Тут и время подошло, пробил наш час. Мы теперь же, наконец, припомним художнику Далю, Касьяну Иннокентьевичу и папе, а также «изобразителю», – одну-две из невостребованных страниц его биографии, где отчётливо прорисованы случаи, для него неприятные. Эпизодики. Впрочем, решились мы не из-за того, что именно теперь возникла охота непременно испортить ему хорошее настроение. Нет. Просто, более некуда нам вставиться поудобнее. Время-то идёт, а мы никак не можем выполнить обещанного. Пока наши герои смеются, мы изловчимся и вставимся.

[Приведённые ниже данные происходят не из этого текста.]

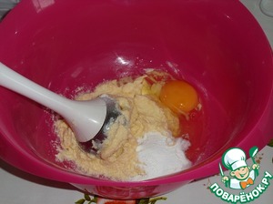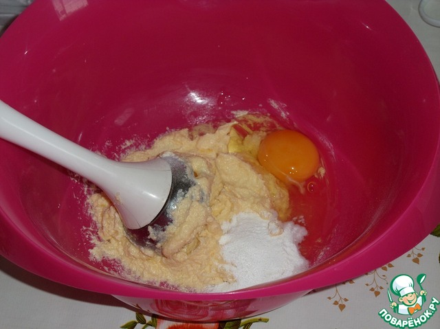 Добавляем 2 яйца, разрыхлитель теста, ванилин. Хорошо взбиваем.

Но папа смеяться перестал, и начал вспоминать о чём-то ещё более хорошем, чем сиюминутная радость, приятно улыбаясь и блистая глазами. Он воображением своим вызывал из памяти других давнишних приятелей. Одного за другим. Тех, с кем недавно встречался, тех, кого не видел давно и сожалел о том, и тех, кто уже вообще ушли из жизни, но оставались для него живущими и ныне. Вскоре перед ним выстроилась обширная галерея легко узнаваемых дружеских портретов. Касьян Иннокентьевич мысленно разглядывал каждое лицо и беззвучно хмыкал с удовлетворением.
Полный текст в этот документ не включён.